Она ошеломленно ахнула. Он прикоснулся к ней! Мужчина посмел прикоснуться к ней! Святая Оанда, да как он посмел? Рассвирепевшей кошкой рванулась к нему, целясь в лицо алым вихрем отполированных когтей. Он чуть оттолкнул ее, почти увернувшись, отмеченный лишь одной кровавой царапиной. Лакл запнулась о халат и, растерянно взвизгнув, рухнула на пол, увлекая за собой хрупкий столик. Оглушительно
Старшая ворвалась в комнату, настороженная, дикая, скачущим взглядом охватив всю комнату. Бросилась к Лакл, помогла встать.
– Светлейшая, что случилось?
Молчала, ее пальцы на талии, чуткие, заботливые, не отпускали. Рукоять меча больно врезалась под ребра при каждом вдохе, но шевелиться не хотелось.
– Он толкнул меня.
– Паршивый звереныш!
– Викл! – остановила, удержала. Зачем? Удивилась себе. Что ей этот мальчишка? Одним больше, одним меньше. Этот шелк…
– Как скажешь. – Стиснула рукояти мечей, отступила. – Как скажешь, светлейшая.

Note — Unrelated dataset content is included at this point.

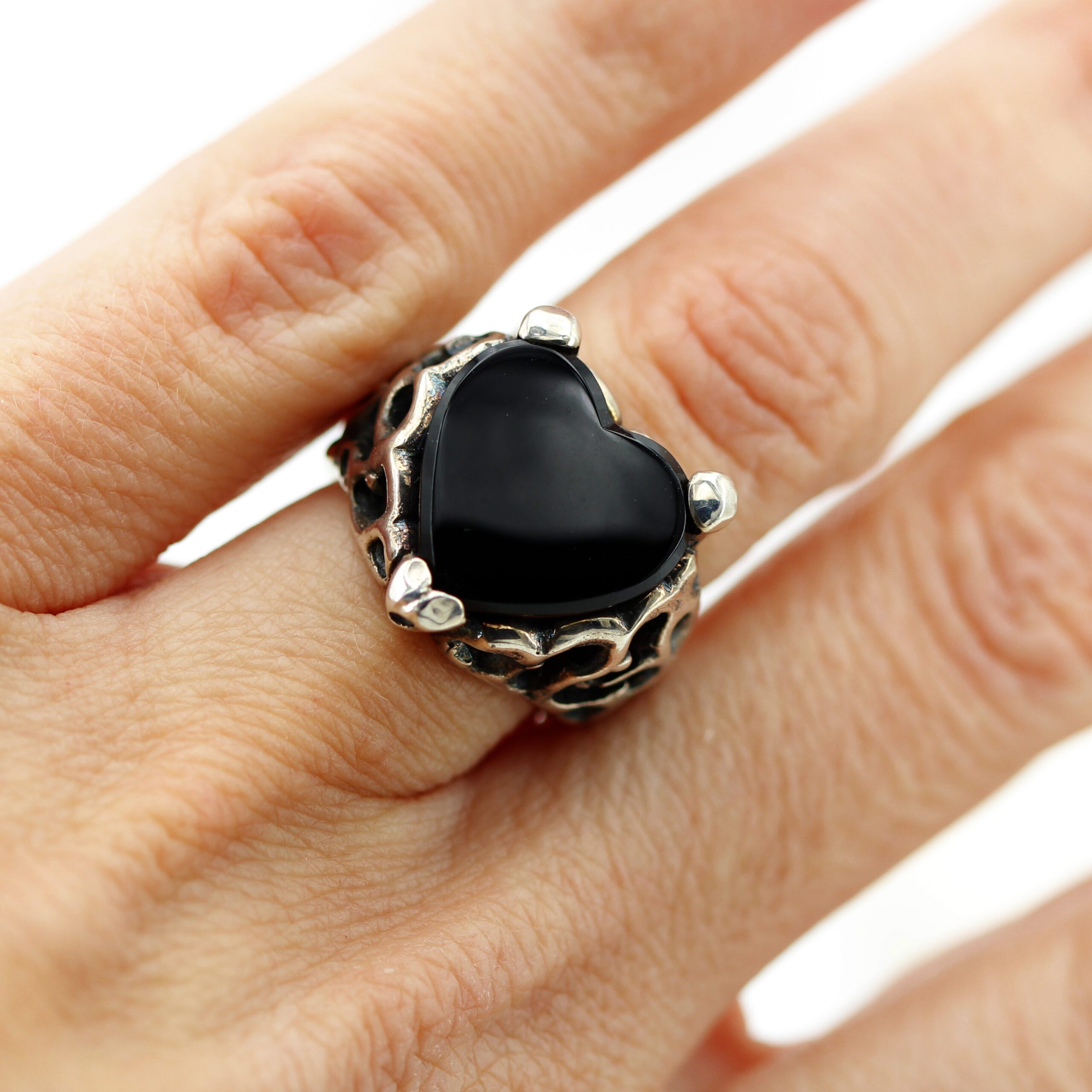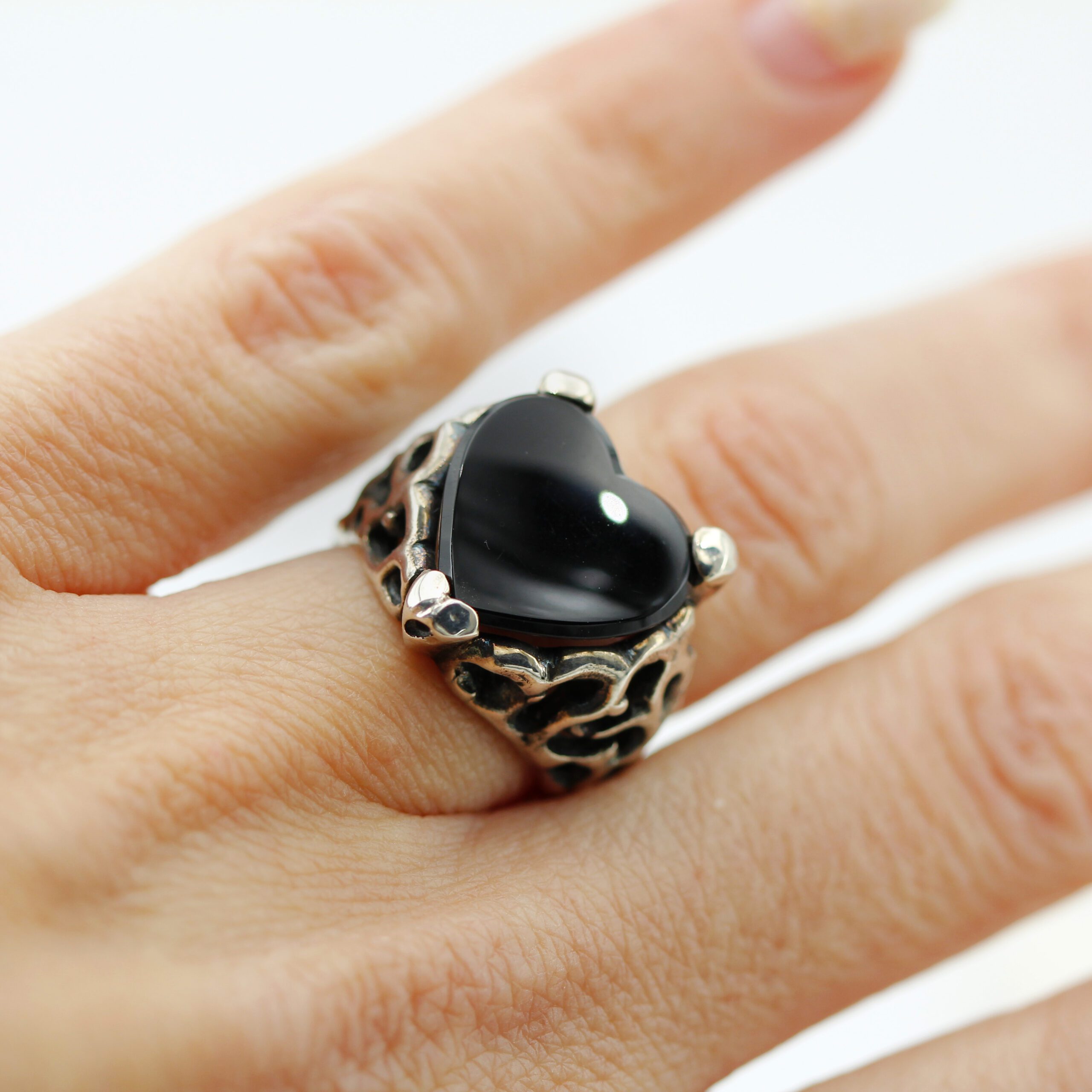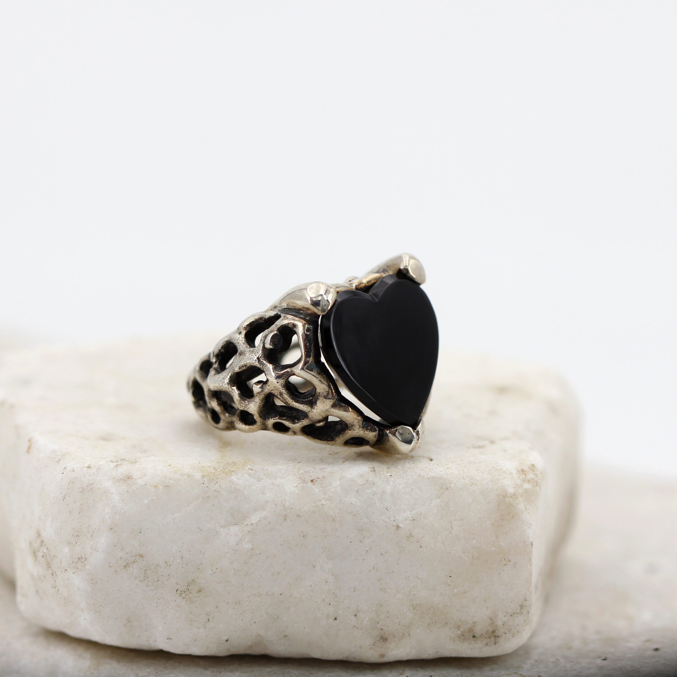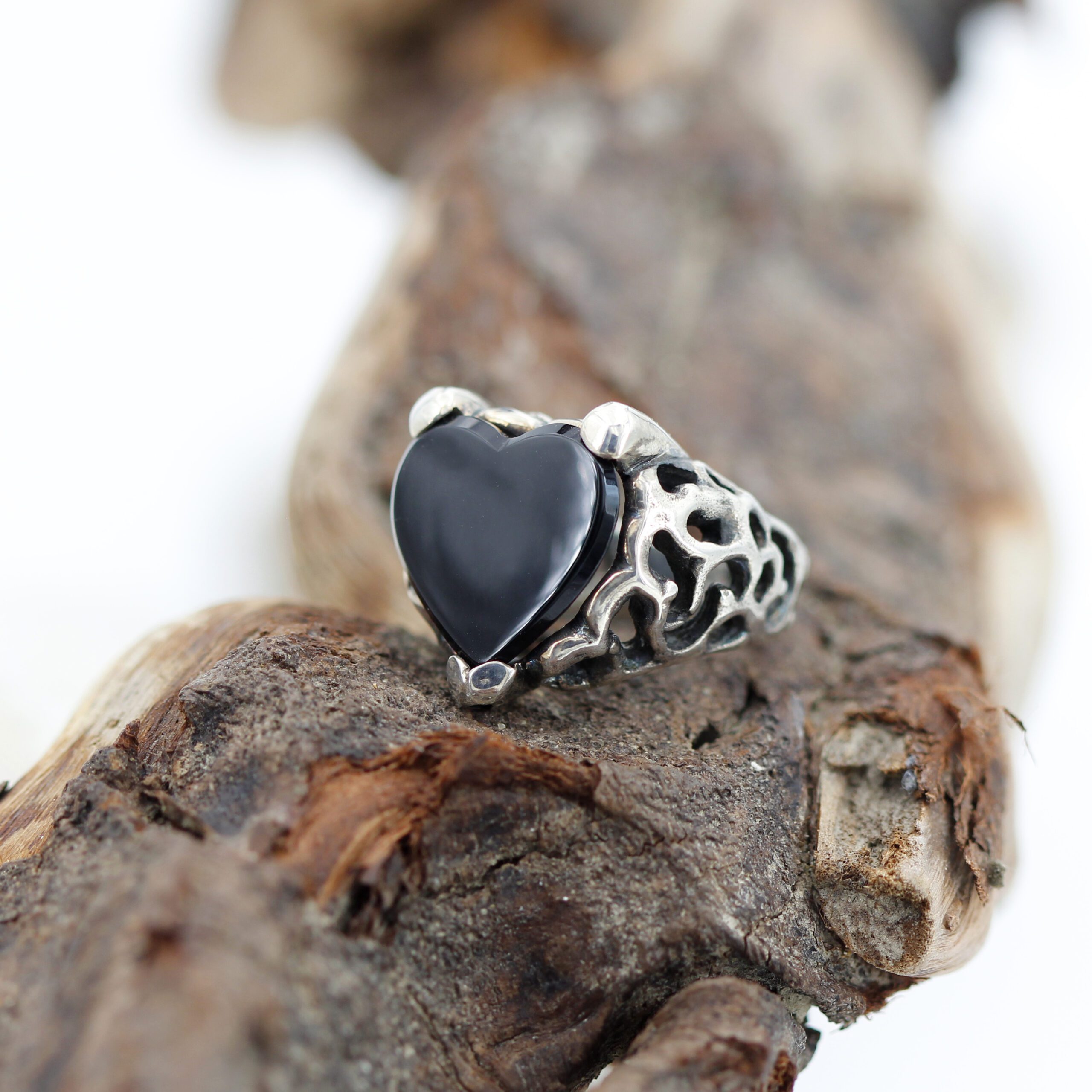 This ring design is inspired by the rugged and mysterious surface of Mars, recreating in fine detail the craters and depths of the Red Planet’s terrain. It is embellished with a natural heart-shaped black Onyx, symbol of strength and intensity.

– Простите, госпожа, это вышло случайно, – он ломал пальцы, мечась взглядом по ее лицу, – я не хотел. Простите меня.
Лакл скривилась.
– Ты посмел прикоснуться ко мне.
– Это случайно, простите.
– Заткнись. – Викл не сдержалась, ударила, сбила с ног. – Придержи язык за зубами, звереныш.
Меч потек из ножен, лунный, тусклый клинок. Нет, шевельнула бровью, нет, Викл, не сейчас. А что изменится? Что? Мальчик у ног скрючился от боли, кусает губы, чтобы не застонать. Он будет моим или умрет.
– Отведи его вниз.
– Зачем, светлейшая?
– Мы будем обсуждать мой приказ?
– Светлейшая, если убить, так можно и во дворе.
– Он мой избранник, Викл!
– Сомневаюсь, что это поможет, – нехорошо прищурилась та. – Вряд ли тебе захочется, чтобы его силком каждый раз укладывали на ложе.
– Викл, ты забываешься!
– Я слишком хорошо тебя знаю, светлейшая.
– Викл, отведи его вниз. – Всмотрелась в ее лицо, спокойное, хищное, с высокими скулами, тонким нервным ртом. Ведь забьет же насмерть, оставлю без присмотра, и забьет, как беспомощного кутенка. – Викл!
– Да, светлейшая.
– Не покалечь его.
– Я постараюсь.
– Викл!
– Обещаю, светлейшая, – с трудом разжала та сведенные яростью челюсти.
– Помни о своем обещании, старшая.
– Я помню, светлейшая. Тебе не нужно повторять дважды.
5
Факел плевался искрами, Викл недоверчиво косилась на него и отводила руку в сторону, подальше от лица, с тихим мстительным удовольствием вонзая шипящее пламя в провалы дверных проемов. Факел возмущенно швырялся кусками огня, источая смрадный, черный дым, но все же освещал грязные клетушки, заставленные старыми, поломанными бочками, трухлявыми скелетами ящиков и прочим хламом. Викл цедила сквозь зубы ругательства и шла дальше, пинками распахивая толстые, медлительные в скрипучем движении двери, ища пустую комнату.
Сенги беспокойно смотрел ей вслед. Коридор впереди был полон изломанных, пляшущих теней. Позади – ступеньки с ярким квадратом двери наверху. А
Что-то с грохотом вылетело в коридор и тяжко ухнуло о стену, ссыпалось в груду осколков. Викл появилась следом, поманила рукой. Шагнул к ней, не смея перечить, в сумрачное переплетение теней, а свет позади с каждым шагом все дальше.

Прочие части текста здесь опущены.